SPOnG: So, what's the story with you guys not making any more PSP games?

Ru Weerasuriya: We sent our dev kits back. Honestly, after Chains of Olympus we thought we were done with the PSP because we had pushed it where we wanted to, and also I think there was... you know, you always try and compare yourself to other games out there. You try to figure out, “Okay, whose doing something better and can we do it better than them?”

You see that on PS3, you know: one game comes out and then another one... you know Call of Duty's coming out, and then Uncharted 2 comes out and you're like, “Okay, you've got to do better...” So there's always somebody doing better stuff.

So, at the time after Chains we were at the point where we felt, “Well, what else do we do?” We did everything we could have possibly done on the PSP and we don't know whether we could push it any further.

It took us a few months – I would say three, four months – before we really thought about it again and realised, “Yeah, you know there are certain places we could get to if we really pushed the tech. We actually could do something better." And in the end that's kind of the reason we went back to God of War. Because we knew that all the stuff that we couldn't do on the first one could be done again in the second one.

As much as the first one was a learning experience, the second one could really be our chance to show what we were capable of. Not only on PSP but also as a God of War title that we could just have a lot of freedom with.


SPOnG: And what you’re showing me here - the Kratos screenshots and the cinematics - that’s all a part of the PSP hardware that you’re pushing right?

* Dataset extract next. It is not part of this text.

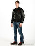 Детали: втачной отложной ворот на стойке с пуговицей, погоны на плечах в качестве отделки, длинный рукав посажен на трикотажную манжету-резинку с вставкой из кожи с застежкой на пуговице, два накладных кармана с клапаном на пуговице и два прорезных боковых кармана, застежка на пуговицах, пояс изделия выполнен трикотажной-резинкой, два внутренних прорезных кармана на молнии, по поясу небольшая сборка, на спинке и на груди небольшая нашивка в виде логотипа бренда, на подкладке куртки изображение самолета.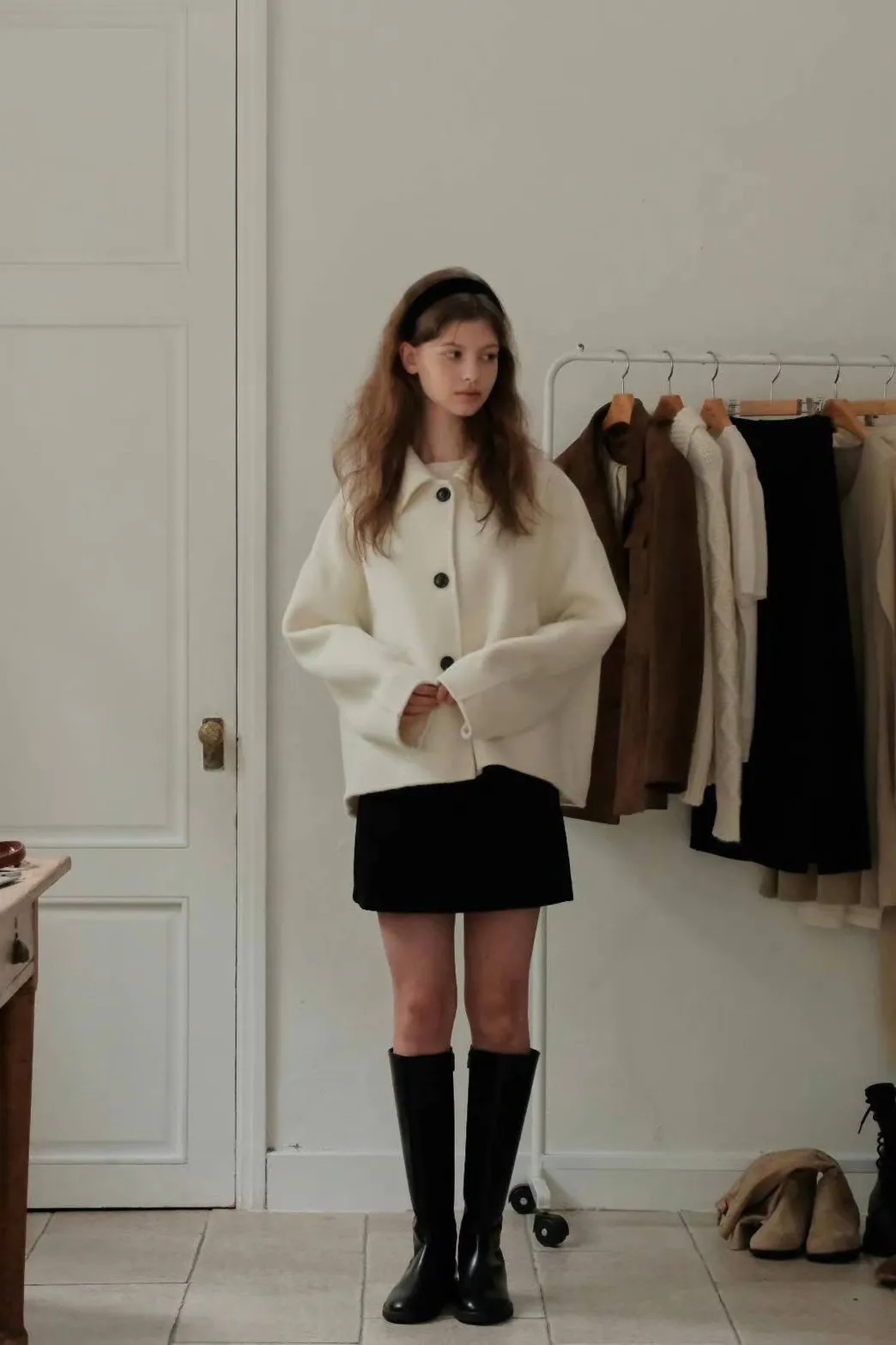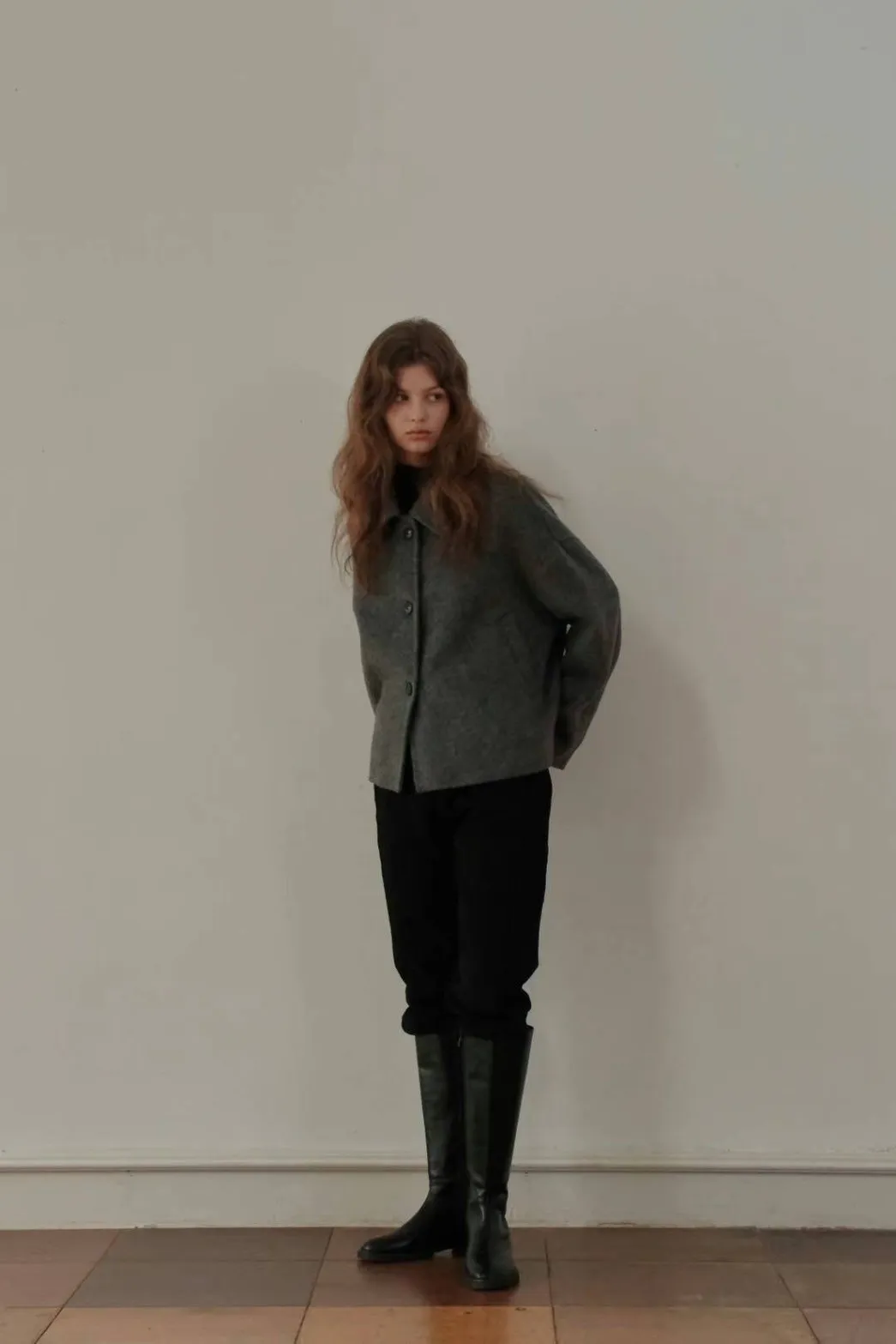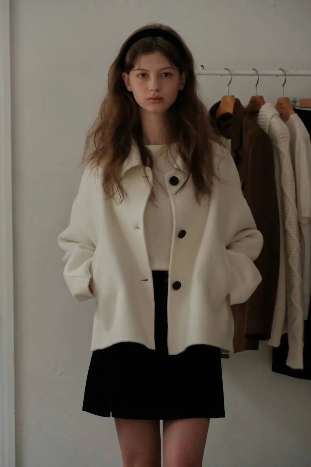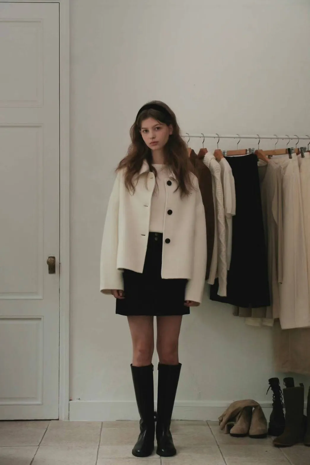 BS741推薦款經典三釦羊毛短版外套 米 灰 官網價$2880 線上價$2850

RW: What you're seeing right here are all PSP assets. That is the in-game Kratos model, everything all of this stuff is part of the whole game. And that's part of where we went from the first to the second one.


SPOnG: When you were at the stage when you thought "We're going to return all of our dev kits" do you think that you guys were the only ones who were pushing the PSP that hard? You obviously must have thought, "There's nowhere else to go from here..”

RW: Yeah exactly. In some ways we thought we'd done everything on the platform. Not to sound big-headed or anything, but that's one of the reasons we got a little bummed about it.

At the time we really felt like nobody else really wanted to push or, you know, had the desire to actually do more for the platform. And that bummed us out because we looked at it like, "Okay, this is going to be great, this platform is going to be awesome but if not enough people support it, it always is a hard fight to have. Competition's always good put it that way.


SPOnG: It's a bit of strange one really with the PSP because it's sold so many units - and is still selling very well in Japan - but in terms of mindshare, when people think about handhelds they don't think about the PSP an awful lot. Would you agree?

RW: I think the popularity of the PSP, it's good. I mean if you look at the sales world-wide, they're pretty good. But, at the same time, it's not as if there weren’t enough people on PSP. I think there have been a lot of games on PSP, which is one of the good things.

But I think at the same time people don't think about PSP the same way... because you don't have that core experience you expect from a powerful platform. I don't think that I expect a core experience from a Game Boy or a DS either. I do expect more of a casual experience, so something that I feel is more fun to play in small bursts.

The thing that people don't realise is that the PSP is capable of so much more. It's amazing. We've tried to prove it with what we've done, that platform is unbelievable, it's capable of replicating that home console experience. People didn't see that enough I think.